Here are some records; quote them exactly, leaving out the pictures.

(Items from a data source)
========

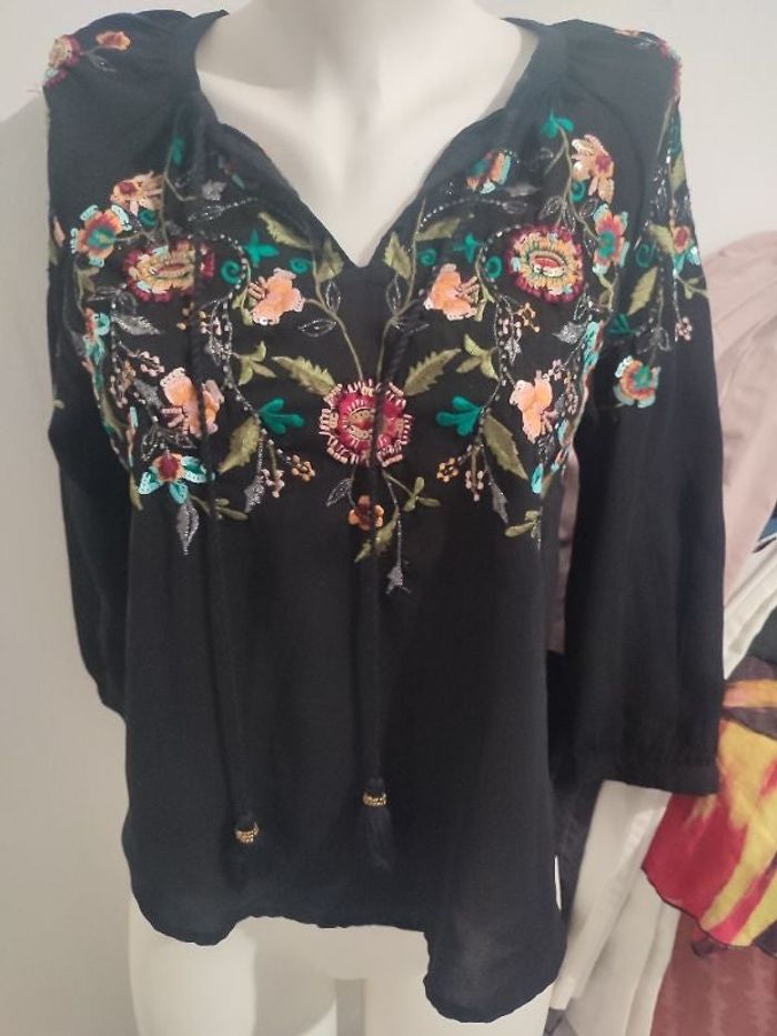 #kytieXSfemme. Chemise blouse manches 3/4 taille XS col avec cordon brodé avec des sequins en voile pas transparente le bas des manches se ferme par un bouton mesure des aisselles 45 cm hauteur 60 cm en excellente état comme neuve avec un petit col vide souple et très précis trop mignonne un petit peu plus courte dans le dos que sur le devant le dos mesure 54 cm et le devant 60 de marque Camaïeu ref H78
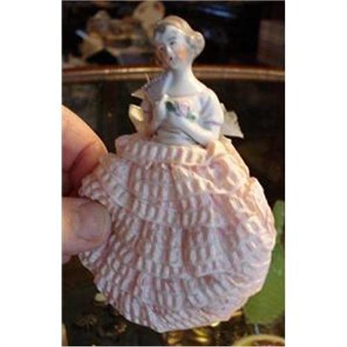 CUTE POEDER PUFF ANTIQUE PIN CUSHION DOLL WITH ,as per images - LOVELY AND ALL ORIGINAL, Excellent condition,free from chips or cracks, Measures about 4 1/4" long - US Buyer to pay 7.00 for shipping plus insurance,THANKS.
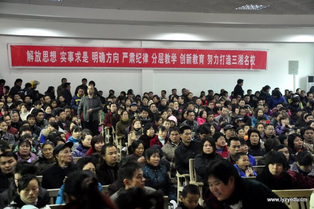 会议由初一年级学生主持,年级副主任伍中钺向各位家长汇报了本年级师资配备、教学特色、学生的学习成绩以及养成教育等情况;接着,学生代表陈明远、雷霖、教师代表谢玉林和梁沐同学的家长以及周丽婷同学的家长先后发言;最后,罗校长作主题报告。
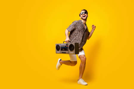 Full length photo of lucky sweet gentleman dressed print shirt glasses running holding boombox isolated yellow color background
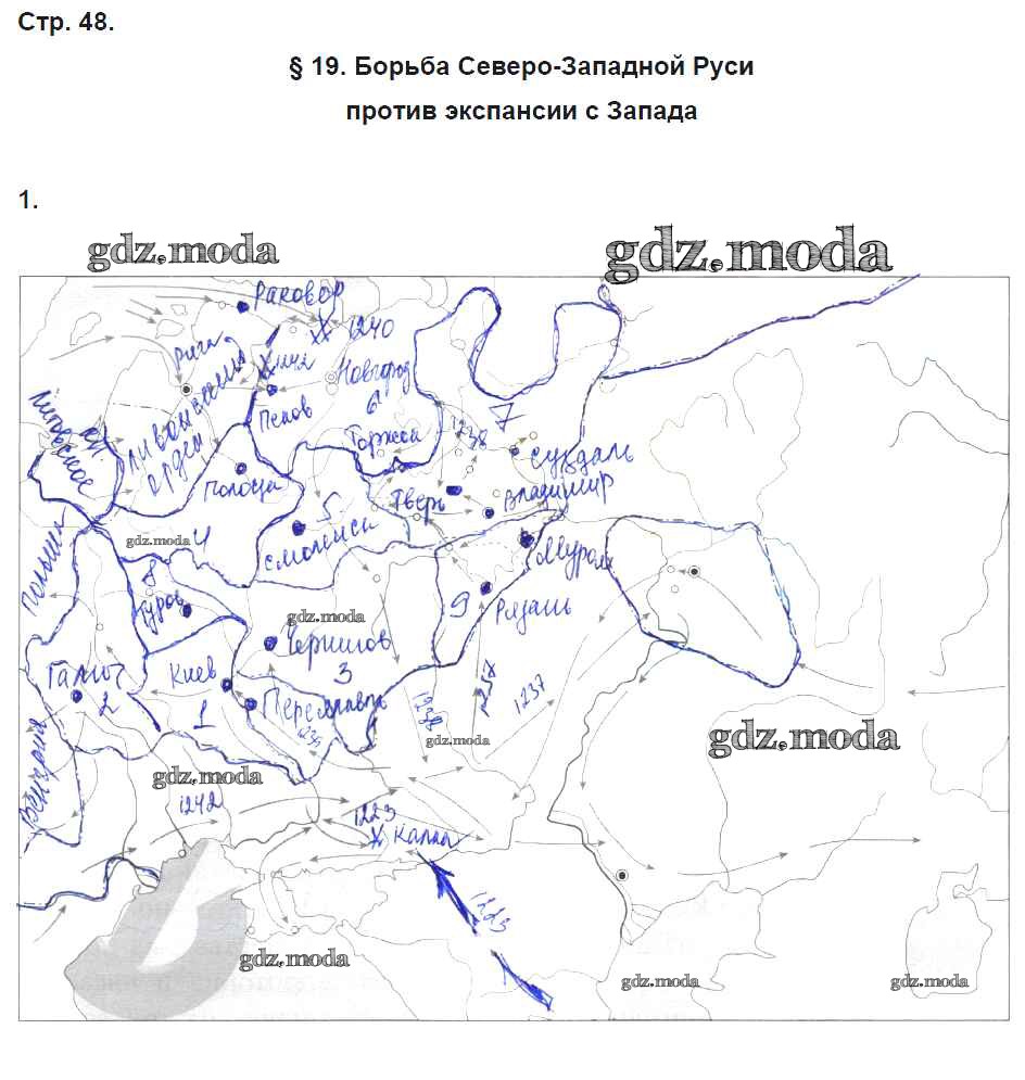 ГДЗ решение к заданию № 48 История России 6 класс рабочая тетрадь Клоков В.А. (к уч. Андреева) Дрофа 2018 ФГОС бесплатно на гдз.мода!
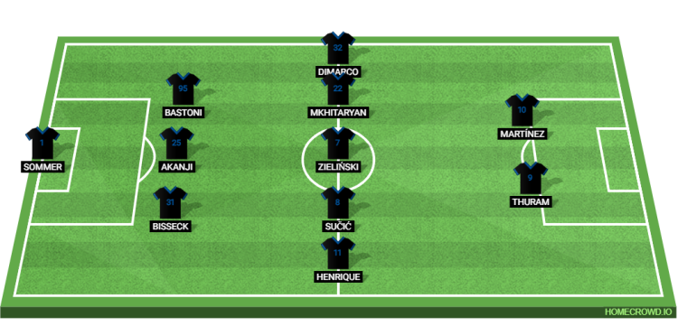 Probable Lineup (3-5-2): Sommer; Bisseck, Akanji, Bastoni; Henrique, Sucic, Zielinski, Mkhitaryan, Dimarco; Thuram, Martinez
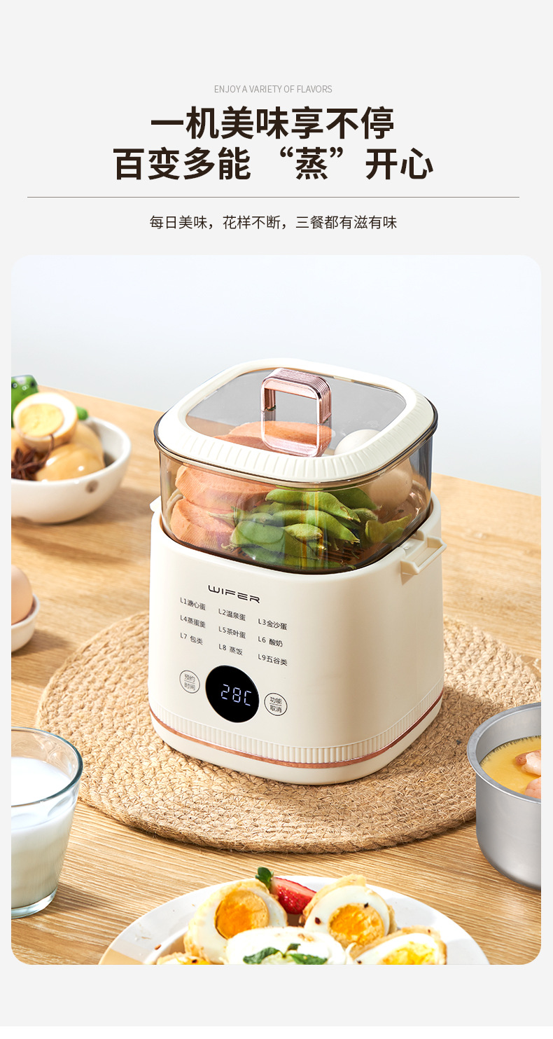 9 features egg boiler white【 host + steamed egg stand + custard bowl + high steamer]]

========

== Reply ==
 #kytieXSfemme. Chemise blouse manches 3/4 taille XS col avec cordon brodé avec des sequins en voile pas transparente le bas des manches se ferme par un bouton mesure des aisselles 45 cm hauteur 60 cm en excellente état comme neuve avec un petit col vide souple et très précis trop mignonne un petit peu plus courte dans le dos que sur le devant le dos mesure 54 cm et le devant 60 de marque Camaïeu ref H78
 CUTE POEDER PUFF ANTIQUE PIN CUSHION DOLL WITH ,as per images - LOVELY AND ALL ORIGINAL, Excellent condition,free from chips or cracks, Measures about 4 1/4" long - US Buyer to pay 7.00 for shipping plus insurance,THANKS.
 会议由初一年级学生主持,年级副主任伍中钺向各位家长汇报了本年级师资配备、教学特色、学生的学习成绩以及养成教育等情况;接着,学生代表陈明远、雷霖、教师代表谢玉林和梁沐同学的家长以及周丽婷同学的家长先后发言;最后,罗校长作主题报告。
 Full length photo of lucky sweet gentleman dressed print shirt glasses running holding boombox isolated yellow color background
 ГДЗ решение к заданию № 48 История России 6 класс рабочая тетрадь Клоков В.А. (к уч. Андреева) Дрофа 2018 ФГОС бесплатно на гдз.мода!
 Probable Lineup (3-5-2): Sommer; Bisseck, Akanji, Bastoni; Henrique, Sucic, Zielinski, Mkhitaryan, Dimarco; Thuram, Martinez
 9 features egg boiler white【 host + steamed egg stand + custard bowl + high steamer]]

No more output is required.